Senior Year: Unstuck in Time

Emma Cooney, Editor-in-Chief

This year among all the other Sr. required reading, I managed to read Kurt Vonnegut’s Slaughterhouse 5, in which the main character Billy Pilgrim is “unstuck in time,” living various moments throughout his life at random times, out of order. In the novel, time is not a series of events happening one after the other, but something that exists all at once. Billy goes through his life knowing how he is going to die and who he is going to marry and just kind of goes along with it because he knows things will happen no matter what he does.

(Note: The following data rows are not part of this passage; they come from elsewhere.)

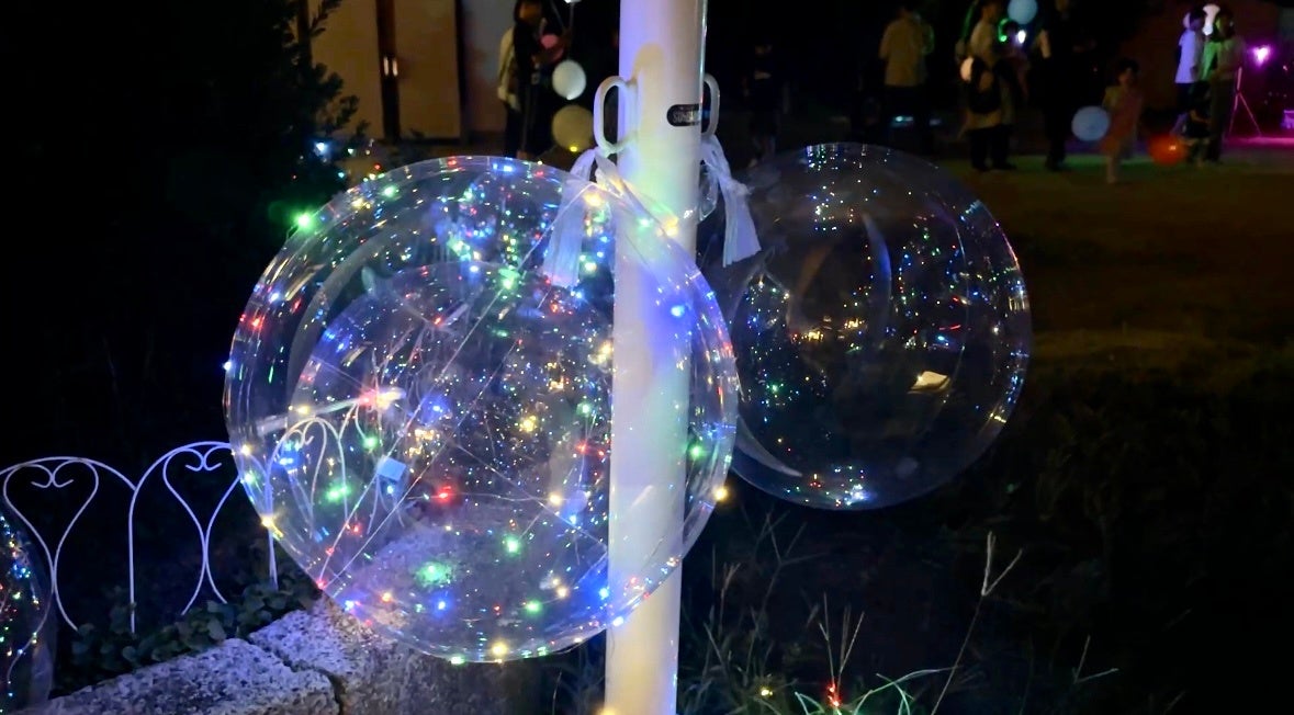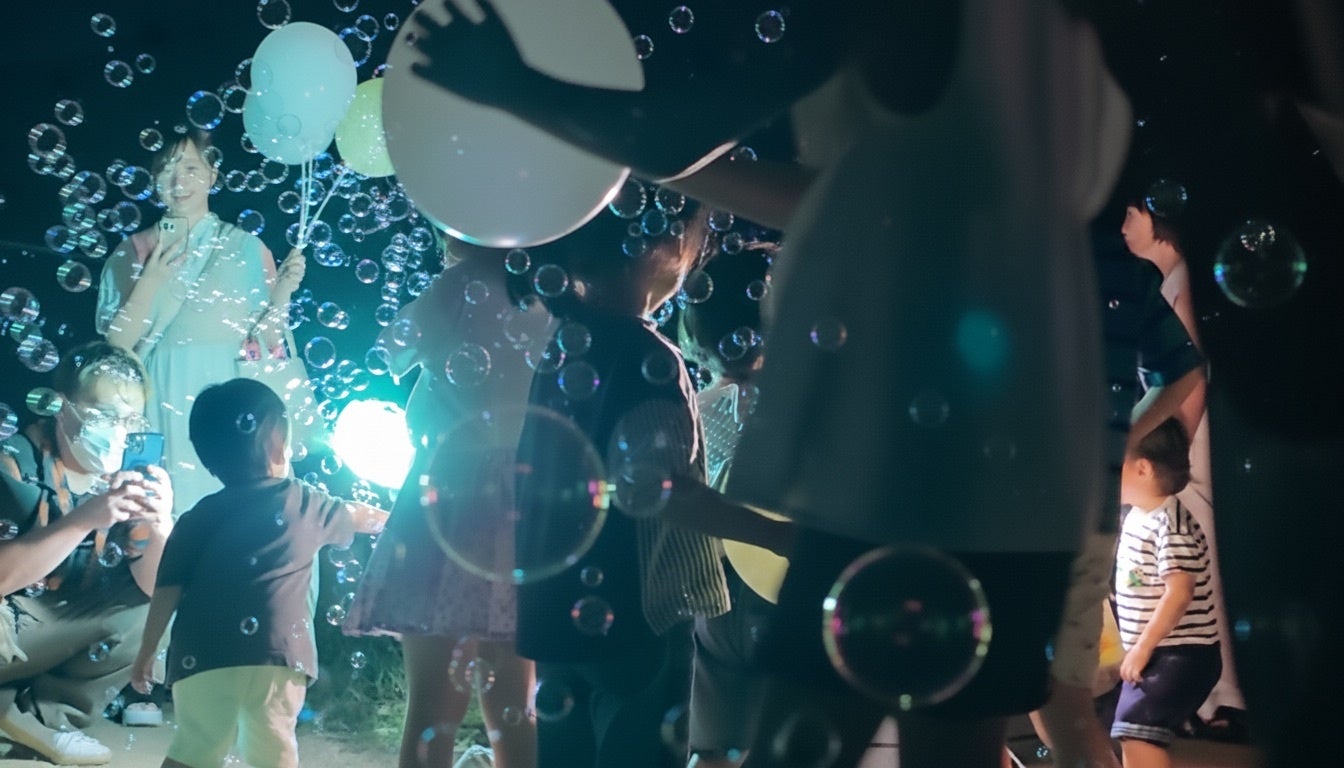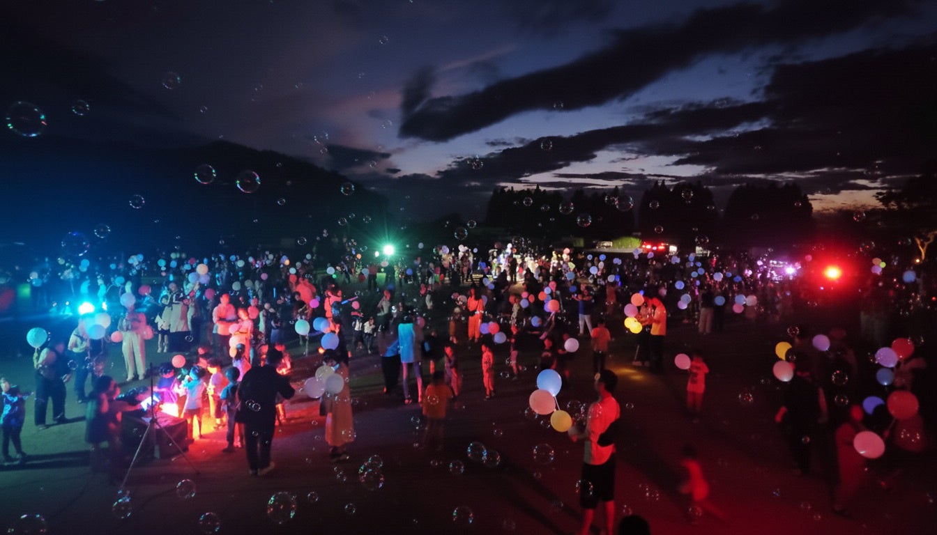 「Spark Art Night」は、光るバルーンやシャボン玉、スモーク、ダイナミックなライトショーを融合した大規模イルミネーションイベントです。旧尾崎小学校の校舎と校庭を舞台に、参加者全員が光るうちわを掲げ、会場全体がひとつのアート作品へと変貌しました。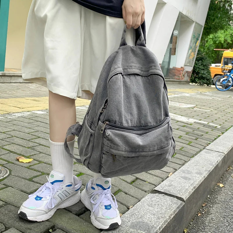 Fashion schoolbag suitable for boys and girls, ideal for leisure travel outings. This versatile gray denim backpack is perfect for both genders.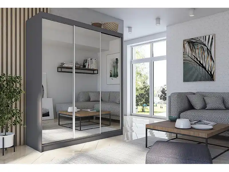 180 cm Kleiderschrank Darix mit Spiegel inklusive 3 Schiebetüren Schwebetürenschrank (Farbe: graphit) Angebot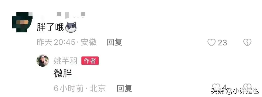 视频曝光后,不少网友说我的小草变胖了,对此,姚芊羽非常乐观的回复:微胖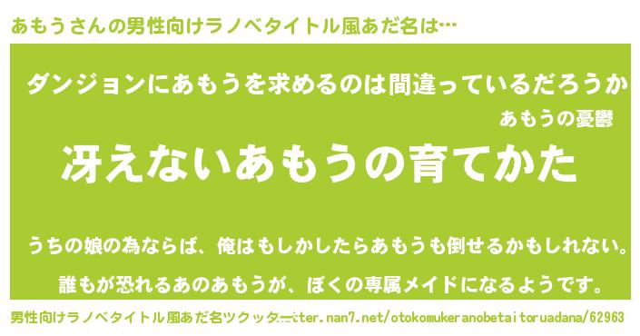 | 萌えアニメ | 主人公(あもう)のあだ名『 あも殿』 |

In these last few weeks of high school, I have also felt like a passenger riding along wherever time decides to take me. As prom approached, time seemed to fly at me, the hours eating away at a long anticipated event. After photos and dinner had already been consumed by the clock, my friends and I set out for the aquarium, only to be stopped in front of a passing train for about nine minutes. It was a really long time to sit and wait, stuck between important moments. As I sat there, though, I realized it was kind of a cool gift from the universe. Time was almost frozen. As soon as the last car passed on that train, we would be at prom and then prom would happen and then it would end and so would go the rest of the year. But for nine minutes, I just got to sit between things, with nowhere to go.

Often when people in prayers and reflections talk about appreciating things instead of looking forward, my fellow seniors and I shrug it off. First because of course we want to be done with testing and homework and get a break. Second because this wave of time that we are riding on is unstoppable, and we actually don’t have much control over how quickly the days pass. But the universe made me unstuck in time on the way to prom. In this crazy time, I hope my fellow seniors can find something like that, something that gives them any small amount of time away from the sweeping tide of the future. Look for it. It’s out there.